Key thesis: “By providing the ‘picks and shovels’ of the AI revolution, these companies should enjoy robust demand even if certain end-use AI applications or startups falter”.
The portfolio allocated 55% to the top four hyperscalers (NVIDIA, Microsoft, Amazon, Alphabet), betting that platforms building and monetizing AI infrastructure would capture the lion’s share of value. ChatGPT explicitly included Meta, Oracle, and Alphabet despite them being infrastructure consumers rather than pure sellers, reasoning that their AI investments would drive engagement, revenue, and ultimately stock performance.
Claude’s Approach: Concentrated Bottleneck Dominance
Claude took a radically different path: a 10-stock portfolio with equal weighting across four infrastructure leaders at 13% each, and concentrated exposure to networking and power infrastructure.
Claude’s Portfolio:
| Stock | Weight | Rationale |
|---|---|---|
| NVIDIA | 13% | Core AI accelerator supplier with dominant GPU share, capturing most AI training and inference spend. |
| Microsoft | 13% | Hyperscaler with massive AI capex and deep integration of AI across Azure and enterprise products. |
| TSMC | 13% | Critical advanced-node foundry manufacturing nearly all leading AI chips, a central bottleneck in supply. |
| Broadcom | 13% | Key provider of custom AI silicon and high-speed networking chips for hyperscaler data centers. |
| Arista Networks | 12% | Leading cloud networking vendor enabling large-scale AI clusters with high-speed Ethernet fabrics. |
| Vertiv Holdings | 12% | Power and cooling specialist for AI data centers, leveraged to rising density and liquid cooling adoption. |
| ASML | 8% | Near-monopoly supplier of EUV tools required to produce the most advanced AI semiconductors. |
| Amazon | 7% | AWS hyperscaler investing heavily in AI infrastructure and custom chips like Trainium and Inferentia. |
| Marvell | 6% | Designer of custom ASICs and optical networking solutions used in next‑gen AI data center architectures. |
| Micron | 3% | High‑bandwidth memory provider benefiting from AI-driven HBM shortages and strong pricing power. |
Philosophy: Claude organized its portfolio around infrastructure bottlenecks—the scarce, essential technologies where demand vastly exceeds supply. Rather than diversifying across the value chain, Claude concentrated in companies with:
- Non-substitutable technology (TSMC, ASML, Micron HBM)
- Multi-year order backlogs providing revenue visibility
- Pricing power from supply constraints
- Direct exposure to $600B hyperscaler capex cycle
The model’s most distinctive choices were Vertiv Holdings (12%), a power and cooling infrastructure provider not included in ChatGPT’s portfolio, and elevated allocations to TSMC (13%) and Broadcom (13%) versus ChatGPT’s 7% and 5% respectively.
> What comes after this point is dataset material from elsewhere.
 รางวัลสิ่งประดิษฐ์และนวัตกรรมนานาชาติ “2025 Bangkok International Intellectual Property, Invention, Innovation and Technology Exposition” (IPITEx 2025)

Claude completely excluded seven stocks ChatGPT included: Alphabet, Meta, Oracle, Equinix, Palantir, Alibaba, and C3.ai. The rationale: “Stayed pure to ‘shovels’ thesis—avoided platforms that consume infrastructure versus sell it”.
Claude’s equal-weighting of the top four holdings at 13% each reflected what it called “high conviction without over-concentration,” avoiding ChatGPT’s 18% single-stock exposure to NVIDIA.
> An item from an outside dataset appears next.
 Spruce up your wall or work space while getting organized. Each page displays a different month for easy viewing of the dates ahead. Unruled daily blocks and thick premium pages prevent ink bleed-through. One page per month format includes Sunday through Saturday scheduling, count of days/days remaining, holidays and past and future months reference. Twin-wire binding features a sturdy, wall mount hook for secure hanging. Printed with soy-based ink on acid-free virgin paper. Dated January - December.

The Backtest: Claude Dominates
When both portfolios were backtested over the past three years using Portfolio Visualizer, the results were decisive:

Three-year backtest results show Claude’s concentrated 10-stock portfolio outperformed ChatGPT’s diversified 15-stock portfolio by 5.28% annually, while both AI-constructed portfolios crushed the AIQ benchmark by roughly 3x. Despite similar volatility levels, Claude achieved superior risk-adjusted returns with a Sharpe ratio of 1.23 versus ChatGPT’s 1.11.
Performance Summary (3-Year Backtest):
| Metric | ChatGPT Portfolio | Claude Portfolio | AIQ Benchmark |
|---|---|---|---|
| Final Value ($100K start) | $519,294 | $628,211 | $195,899 |
| Annualized Return (CAGR) | 38.27% | 43.55% | 14.14% |
| Standard Deviation | 31.01% | 31.26% | 20.86% |
| Best Year | 106.22% | 112.92% | 55.39% |
| Worst Year | -38.77% | -34.57% | -36.45% |
| Maximum Drawdown | -43.86% | -41.88% | -39.63% |
| Sharpe Ratio | 1.11 | 1.23 | 0.59 |
| Sortino Ratio | 1.99 | 2.17 | 0.94 |
| Correlation to AIQ | 0.88 | 0.86 | 1.00 |
Key Findings:
1. Claude Won Decisively
Claude’s portfolio generated $628,211 from a $100,000 investment versus ChatGPT’s $519,294—a $108,917 wealth gap (20.9% more final capital). The 43.55% annualized return beat ChatGPT’s 38.27% by 5.28 percentage points annually.
2. Both Crushed the Benchmark
While AIQ returned a respectable 14.14% annually, both AI portfolios delivered roughly 3x the benchmark performance—turning $100K into $196K (AIQ) versus $519K (ChatGPT) and $628K (Claude).
3. Similar Volatility, Better Risk-Adjusted Returns
Despite nearly identical standard deviation (31.01% vs 31.26%), Claude achieved superior risk-adjusted performance with a Sharpe ratio of 1.23 versus ChatGPT’s 1.11. This indicates Claude generated more return per unit of risk.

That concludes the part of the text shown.